## Task instructions
Print the listing below exactly, images excluded.

## Data shown
== == ==

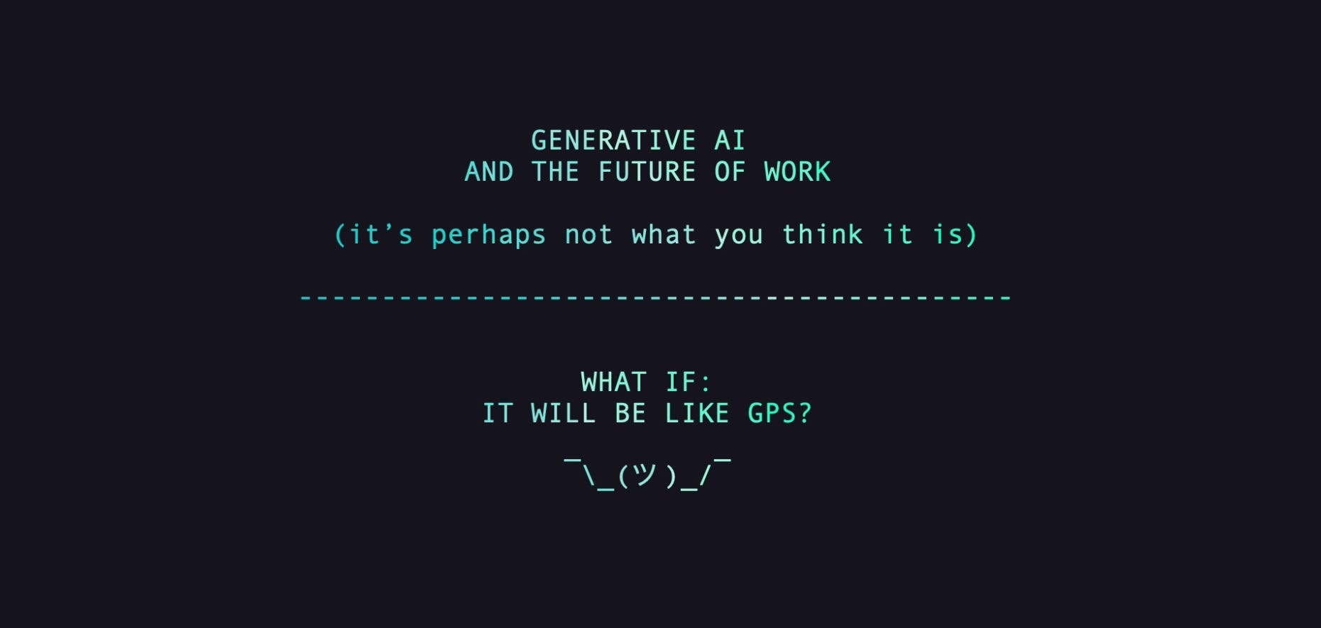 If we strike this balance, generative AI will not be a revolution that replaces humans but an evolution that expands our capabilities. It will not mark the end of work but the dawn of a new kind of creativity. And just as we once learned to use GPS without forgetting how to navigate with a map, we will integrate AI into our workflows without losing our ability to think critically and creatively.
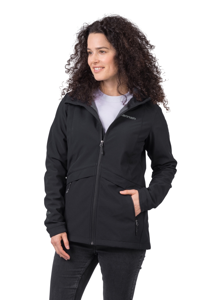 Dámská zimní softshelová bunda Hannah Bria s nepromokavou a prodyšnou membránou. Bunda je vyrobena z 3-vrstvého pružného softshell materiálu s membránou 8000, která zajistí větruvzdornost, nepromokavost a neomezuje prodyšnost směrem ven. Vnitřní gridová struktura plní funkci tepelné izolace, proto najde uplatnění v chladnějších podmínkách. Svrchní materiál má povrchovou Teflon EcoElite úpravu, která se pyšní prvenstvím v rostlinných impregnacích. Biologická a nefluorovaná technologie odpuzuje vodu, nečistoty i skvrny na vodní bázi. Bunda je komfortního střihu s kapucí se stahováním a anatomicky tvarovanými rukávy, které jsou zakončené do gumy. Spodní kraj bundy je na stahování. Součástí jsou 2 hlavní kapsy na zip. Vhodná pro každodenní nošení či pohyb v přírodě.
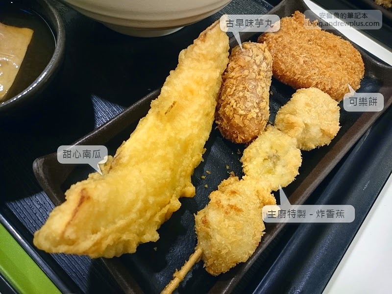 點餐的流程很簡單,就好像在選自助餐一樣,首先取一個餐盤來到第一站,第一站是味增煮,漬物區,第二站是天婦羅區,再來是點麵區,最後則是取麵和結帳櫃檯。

== == ==

## Exercise output
 If we strike this balance, generative AI will not be a revolution that replaces humans but an evolution that expands our capabilities. It will not mark the end of work but the dawn of a new kind of creativity. And just as we once learned to use GPS without forgetting how to navigate with a map, we will integrate AI into our workflows without losing our ability to think critically and creatively.
 Dámská zimní softshelová bunda Hannah Bria s nepromokavou a prodyšnou membránou. Bunda je vyrobena z 3-vrstvého pružného softshell materiálu s membránou 8000, která zajistí větruvzdornost, nepromokavost a neomezuje prodyšnost směrem ven. Vnitřní gridová struktura plní funkci tepelné izolace, proto najde uplatnění v chladnějších podmínkách. Svrchní materiál má povrchovou Teflon EcoElite úpravu, která se pyšní prvenstvím v rostlinných impregnacích. Biologická a nefluorovaná technologie odpuzuje vodu, nečistoty i skvrny na vodní bázi. Bunda je komfortního střihu s kapucí se stahováním a anatomicky tvarovanými rukávy, které jsou zakončené do gumy. Spodní kraj bundy je na stahování. Součástí jsou 2 hlavní kapsy na zip. Vhodná pro každodenní nošení či pohyb v přírodě.
 點餐的流程很簡單,就好像在選自助餐一樣,首先取一個餐盤來到第一站,第一站是味增煮,漬物區,第二站是天婦羅區,再來是點麵區,最後則是取麵和結帳櫃檯。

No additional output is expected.